El proceso incluye, dice, el reforzamiento de la Policía Michoacán. “Se está trabajando para reclutar y capacitar a la nueva Policía de Michoacán, ya habiendo depurado a los llamados autodefensas, habiendo depurado la llamada Fuerza Rural, habiendo extinguido la serie de policías que había en Michoacán y conformado una sola Policía, todo ello para que Michoacán tenga su propia capacidad de respuesta ante el fenómeno de la inseguridad y que entonces el apoyo subsidiario que prestan las corporaciones como el Ejército y la Marina no sea el soporte principal de la tarea principal del gobierno en esa materia”.

Pero la estrategia de ataque a los cárteles se tradujo en el surgimiento de grupos delictivos más pequeños y acciones individuales de criminales que atentan contra la seguridad ciudadana, provocando que el episodio narrado en el pasado por el secretario de Gobierno permanezca como un presente de los michoacanos. “No podemos ser omisos en reconocer que el problema persiste, pero no persiste en la misma dimensión que en otros momentos, eso sería necesario resaltar y también, siendo responsable, decir que persistiendo el problema debe persistir la determinación de la autoridad para combatirlo”.

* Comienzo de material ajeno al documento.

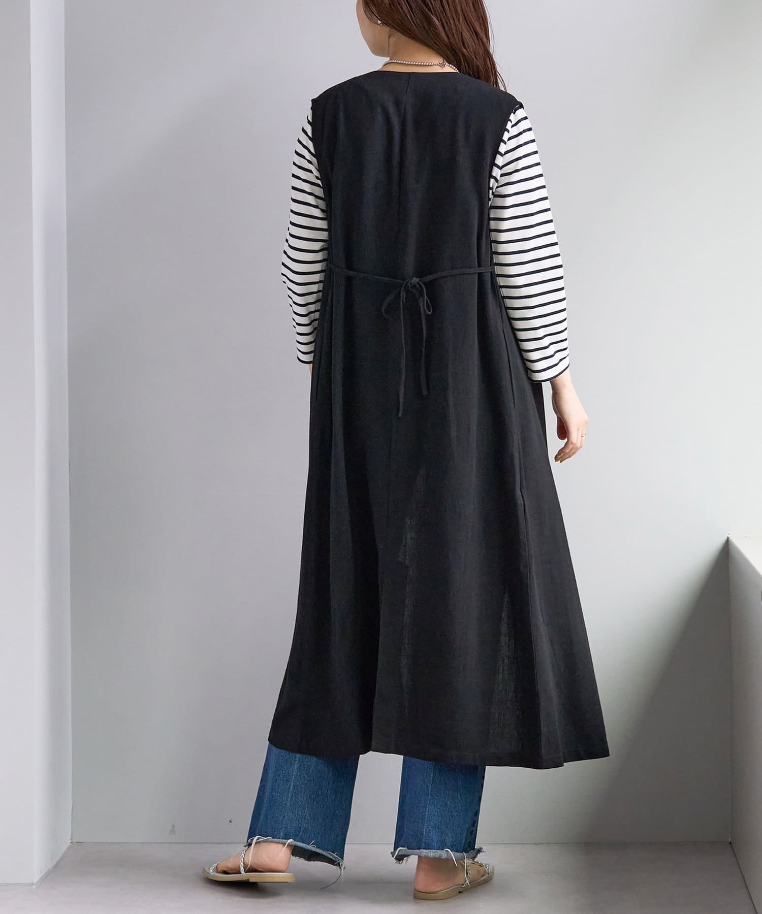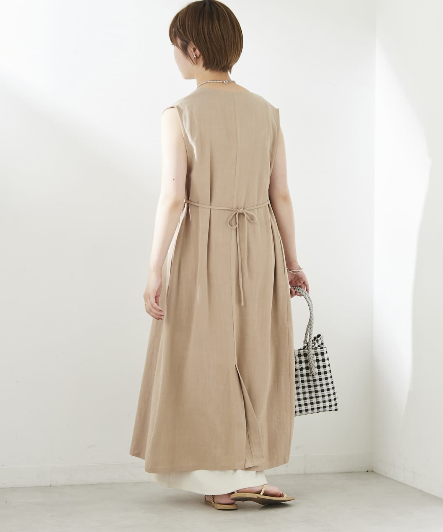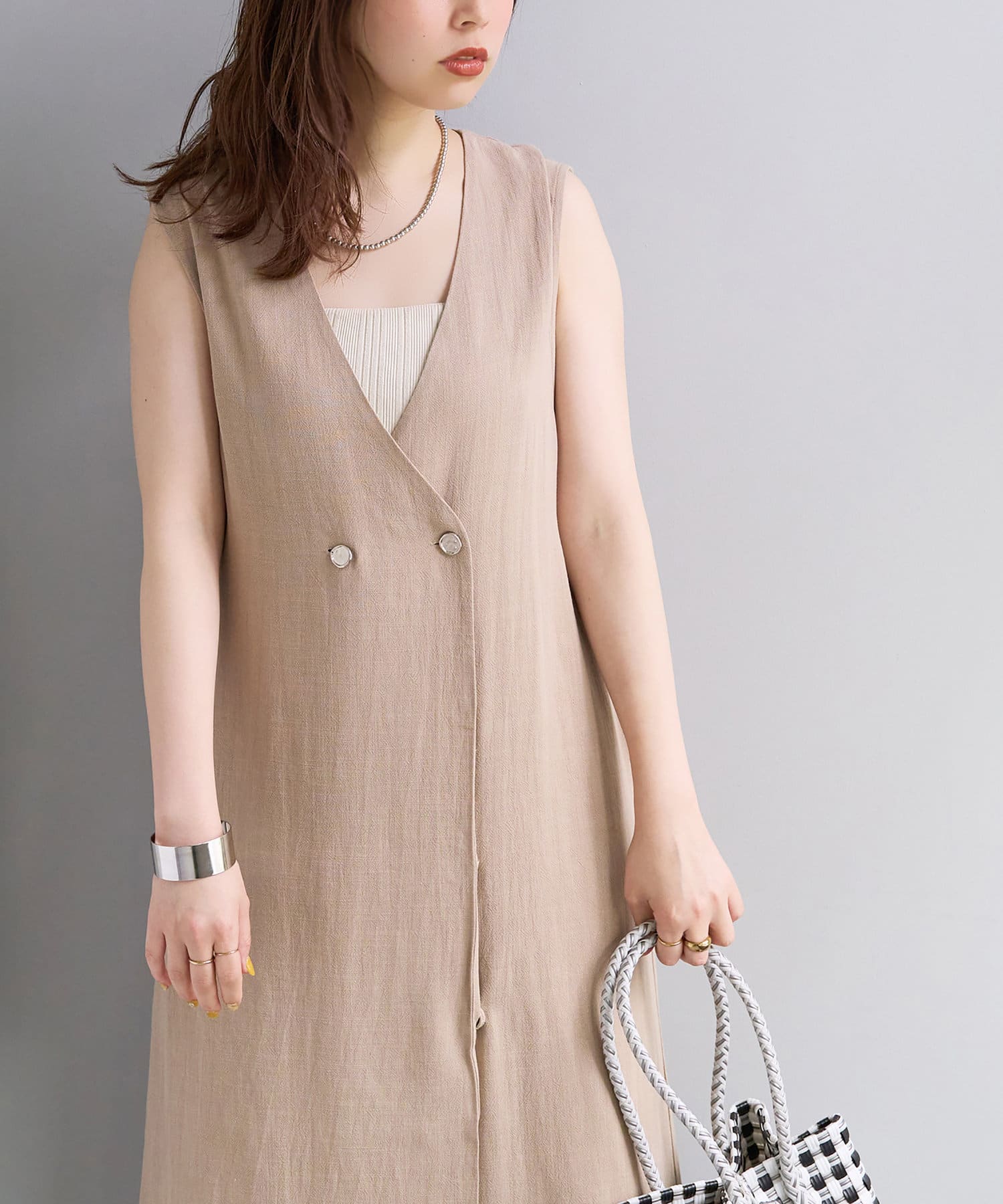 麻混着流しジレワンピース

Ante la atomización de los delitos, señala Solís, “no podemos separar el problema de la inseguridad; es un gran problema que hay que entender en sus diferentes componentes, hay algunos que que son generadores de violencia y que es una violencia que impacta a toda la cadena del problema, ya no podemos hablar que se trata de delitos federales o que se trata nada más (de delitos del fuero común) son todos los delitos que los vinculan”.